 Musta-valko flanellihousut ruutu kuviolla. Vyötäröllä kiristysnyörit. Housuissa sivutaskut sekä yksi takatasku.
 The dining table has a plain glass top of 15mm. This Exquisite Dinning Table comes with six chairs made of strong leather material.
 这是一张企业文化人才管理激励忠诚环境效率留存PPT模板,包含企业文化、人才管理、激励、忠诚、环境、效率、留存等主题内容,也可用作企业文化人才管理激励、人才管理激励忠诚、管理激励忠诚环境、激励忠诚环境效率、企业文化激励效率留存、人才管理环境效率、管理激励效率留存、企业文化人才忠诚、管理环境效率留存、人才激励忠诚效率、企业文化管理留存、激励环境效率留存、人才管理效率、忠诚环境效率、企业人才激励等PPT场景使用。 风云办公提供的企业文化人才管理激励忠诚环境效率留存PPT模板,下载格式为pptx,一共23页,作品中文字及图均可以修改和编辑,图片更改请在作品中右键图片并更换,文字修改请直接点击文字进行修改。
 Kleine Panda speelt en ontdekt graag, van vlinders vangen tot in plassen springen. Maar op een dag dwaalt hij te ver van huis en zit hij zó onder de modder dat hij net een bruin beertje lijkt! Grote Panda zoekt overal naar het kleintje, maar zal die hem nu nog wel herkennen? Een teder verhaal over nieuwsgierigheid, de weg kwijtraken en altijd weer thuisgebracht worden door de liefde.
...
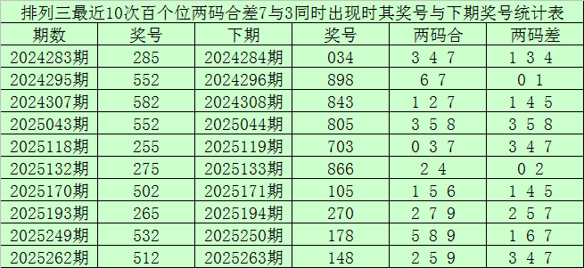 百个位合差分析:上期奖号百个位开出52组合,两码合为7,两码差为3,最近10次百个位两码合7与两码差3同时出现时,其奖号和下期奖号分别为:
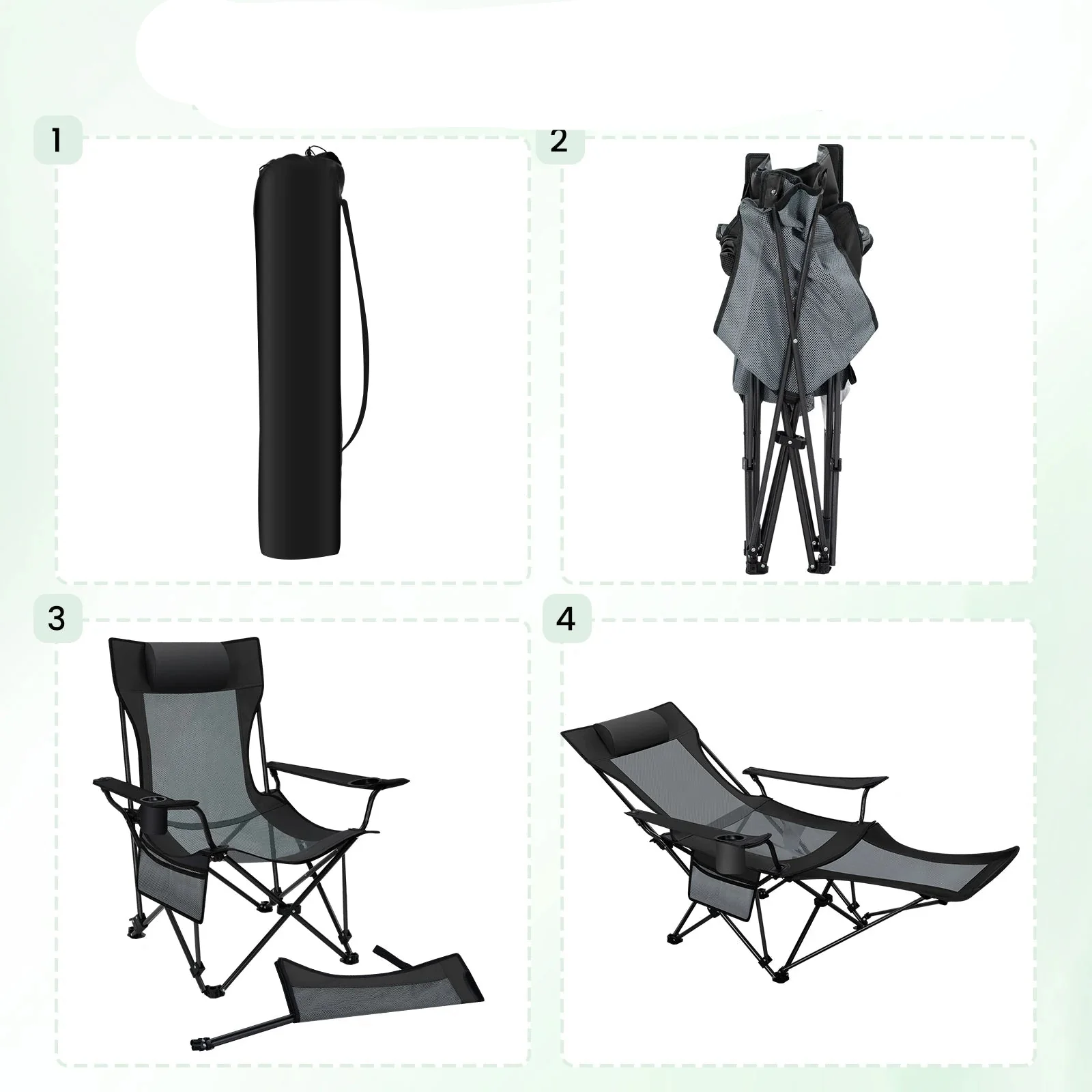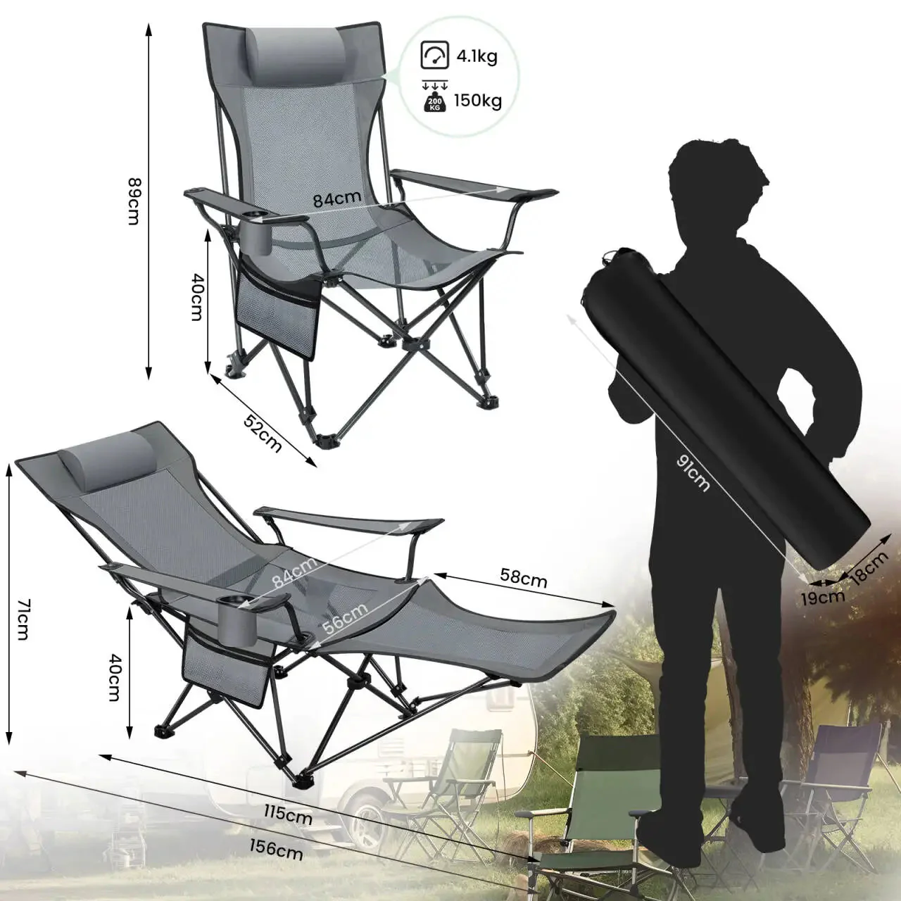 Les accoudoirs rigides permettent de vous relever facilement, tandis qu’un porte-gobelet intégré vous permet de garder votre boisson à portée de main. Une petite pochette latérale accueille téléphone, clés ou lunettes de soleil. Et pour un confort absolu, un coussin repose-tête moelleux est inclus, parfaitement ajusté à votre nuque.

- **EXERCISE**: Your task for the entries above: copy exactly the span starting with the line with "Musta-valko flanellihousut ruutu" and going on through the line with "Kleine Panda speelt", both lines included, and nothing else.

- **SOLUTION**:
 Musta-valko flanellihousut ruutu kuviolla. Vyötäröllä kiristysnyörit. Housuissa sivutaskut sekä yksi takatasku.
 The dining table has a plain glass top of 15mm. This Exquisite Dinning Table comes with six chairs made of strong leather material.
 这是一张企业文化人才管理激励忠诚环境效率留存PPT模板,包含企业文化、人才管理、激励、忠诚、环境、效率、留存等主题内容,也可用作企业文化人才管理激励、人才管理激励忠诚、管理激励忠诚环境、激励忠诚环境效率、企业文化激励效率留存、人才管理环境效率、管理激励效率留存、企业文化人才忠诚、管理环境效率留存、人才激励忠诚效率、企业文化管理留存、激励环境效率留存、人才管理效率、忠诚环境效率、企业人才激励等PPT场景使用。 风云办公提供的企业文化人才管理激励忠诚环境效率留存PPT模板,下载格式为pptx,一共23页,作品中文字及图均可以修改和编辑,图片更改请在作品中右键图片并更换,文字修改请直接点击文字进行修改。
 Kleine Panda speelt en ontdekt graag, van vlinders vangen tot in plassen springen. Maar op een dag dwaalt hij te ver van huis en zit hij zó onder de modder dat hij net een bruin beertje lijkt! Grote Panda zoekt overal naar het kleintje, maar zal die hem nu nog wel herkennen? Een teder verhaal over nieuwsgierigheid, de weg kwijtraken en altijd weer thuisgebracht worden door de liefde.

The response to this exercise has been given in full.